Hmmm. I could see it was going to be hard to prise the truth out of Mumsie.
“What about pets? You never let me have any pets did you? What was it—did
you come across me ripping the legs off a spider?”
“Sweetheart, you had a dear little
bunny when you were six and when it died you were so distraught your father
and I agreed we would spare you that pain again. That’s why we
didn’t have any pets afterwards. Don’t you remember the ceremony
we had for Flopsy? You read out a lovely poem you’d written.”
“But how did Flopsy die, Mother? I killed him, didn’t I? Killed
him in a particularly nasty way involving scalpels and an iron, isn’t
that right?”
“He died of old age, darling. He had a good long life and died peacefully
in his sleep with a smile on his little whiskery face.”

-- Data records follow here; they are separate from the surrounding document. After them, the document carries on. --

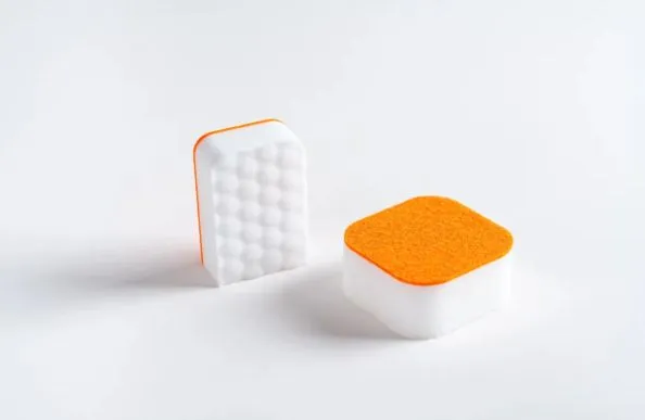 Tight spots hold grime that rags can’t touch. A small melamine sponge with a non-woven layer slips into these areas, leaving them clean as a whistle.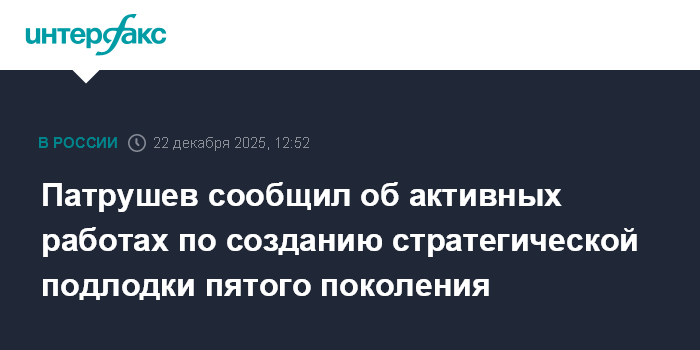 Патрушев сообщил об активных работах по созданию стратегической подлодки пятого поколения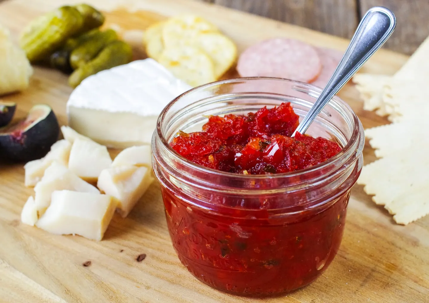 مربای فلفل تند را می توانید روی غذاها یا سالادها بریزید.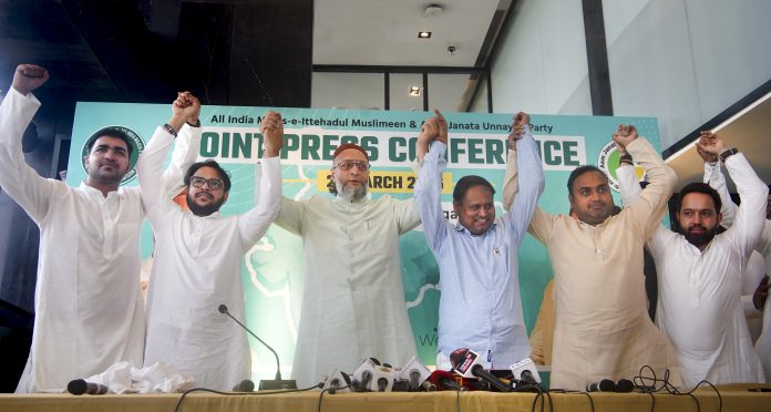 Kolkata: All India Majlis-e-Ittehadul Muslimeen (AIMIM) President Asaduddin Owaisi joins hands with Aam Janata Unnayan Party (AJUP) Chief Humayun Kabir during a press conference, in Kolkata, Wednesday, March 25, 2026. AIMIM has joined hands with AJUP ahead of the West Bengal Assembly elections. (PTI Photo)(PTI03_25_2026_000157B)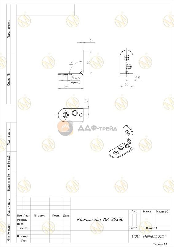 Купить Кронштейн МК 30*30 цинк (компл. 10 шт) оптом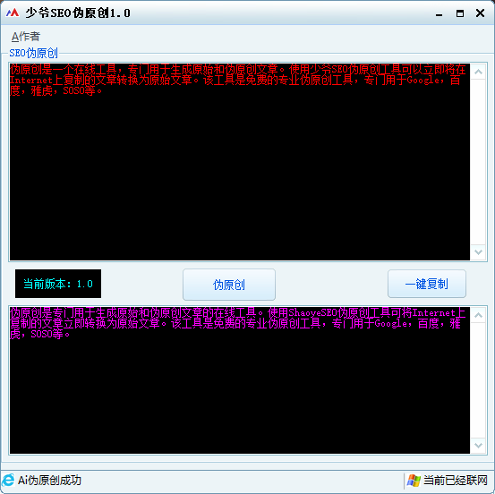 少爷SEO伪原创是一个在线工具伪原创工具,专门用于生成原始和伪原创文章。使用少爷SEO伪原创工具可以立即将在Internet上复制的文章转换为原始文章。该工具是免费的专业伪原创工具,专门用于guge,百度,雅虎,SOSO等。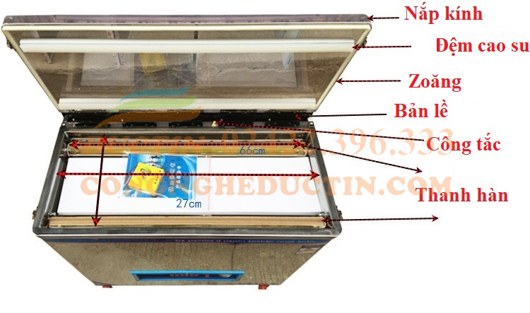 - Nắp buồng hút của máy rất dầy, bằng mê ka, giúp bạn dễ dàng quan sát sản phẩm không khi đang hút.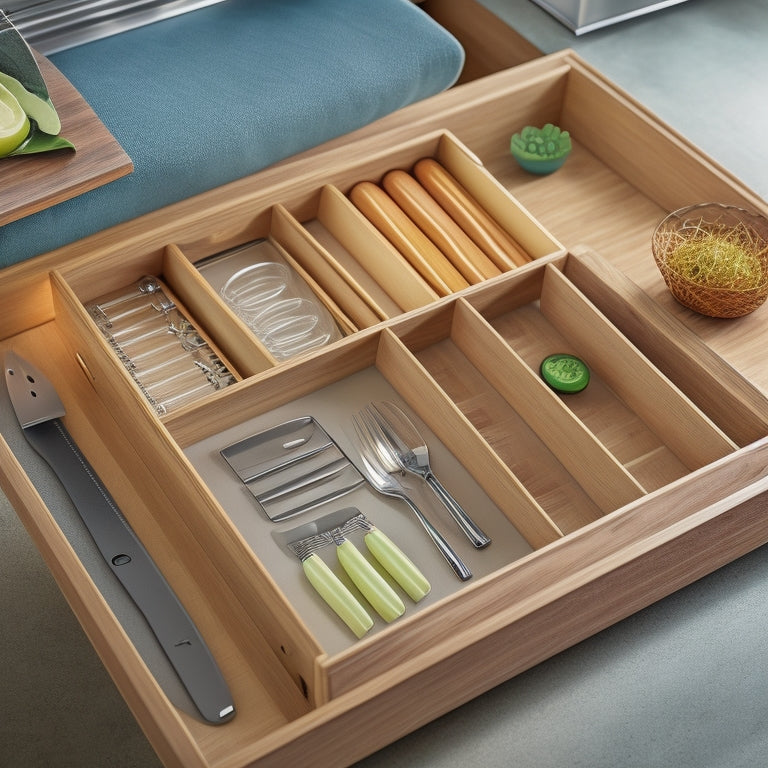 When you organize your utensils with unique compartments, you'll uncover a whole new level of space efficiency.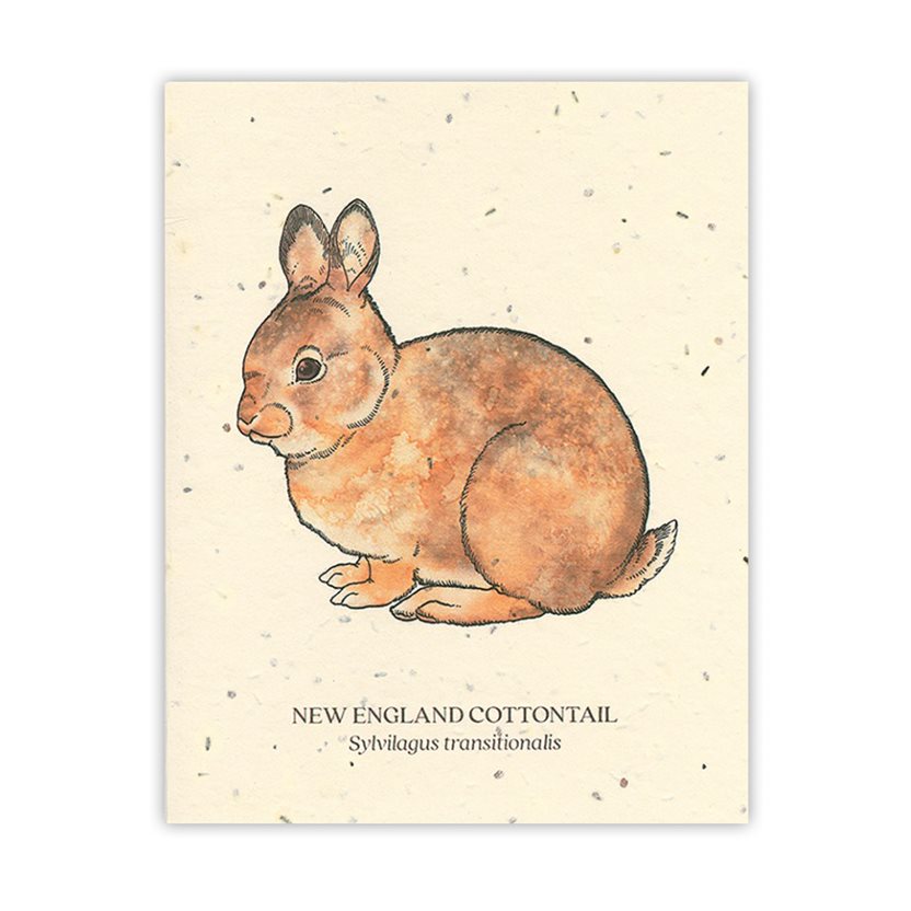 The Bower Studio's Plantable Seed Paper Greeting Card Set is printed on post-consumer paper. Choose your designs of wildlife between the New England Cottontail, Red Fox, American Toad or Whitetail Deer.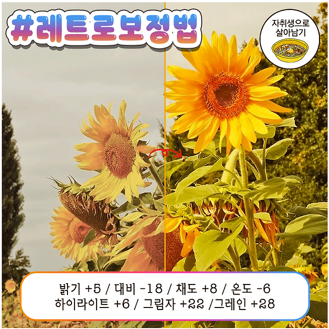 노출 ↑, 채도 ↑, 생동감 ↑
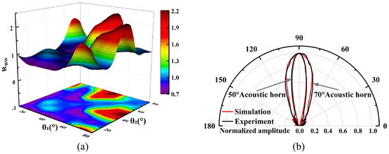 (a) Experimental RBW variation for different combinations of cone angles. (b) Normalized acoustic directivity for target cavity combination (θS, θL) = (50°, 70°).

“Aha! That’s exactly what you said about Grandad. I knew there was
something odd about his death. Stop lying to me, Mother. Tell me about the fires.
Did I set fire to the school? Did you find a stockpile of matches and petrol
in my bedroom? Was I unnaturally drawn to firemen?”
“You did get your Camping
Badge when you were in the Boy Scouts. I think that to get the badge you had
to make a fire by rubbing two sticks of wood together. Although . . .”
This was it! She was finally going to reveal the terrible, evil deed of my childhood
that would give me the key to unlock the padlock on the door through which serial
killers entered a world of pain and blood. Yep, this would make me a proper
serial killer. “What, Mum?”
“Well, now you come to mention it,
I do remember your Scout Leader telling me there was a nasty scene
the day you took your Badge.”
“What was it, mother? Did I threaten my little pals with a burning branch?
Did I douse all the tents with my secret stash of petrol? Did I tell everyone
they were going to burn in the fires of Hell, and that I was the Devil’s
satanic Zippo.”
“No, dear. You nearly failed that badge because you were afraid of the
fire and wanted to come home to Mummy.”
I put the phone down. It was pretty obvious that the evil she-devil who called
herself my mother was keeping something from me. I had no doubts that my background
fully qualified me as first-class serial killer material. And if anyone ever
asked me for my qualifications, well, I could just make up some shit.
I was nearly there. I just needed to work
on a signature. A poem written in my victims’ blood left behind at the
scene of each of my heinous crimes? Or orchid petals scattered around the freshly
slaughtered body? Could I see myself carving the words of a Barry Manilow song
on a pale, still chest—with a corkscrew? Did I even know the
words to a Barry Manilow song? Or would that be too cruel, in any case?
I looked down at the hand on the table in front of me. I picked it up by the
thumb, dropped it into the ice-filled picnic box, and forced the lid shut. How
much more of a signature did I need?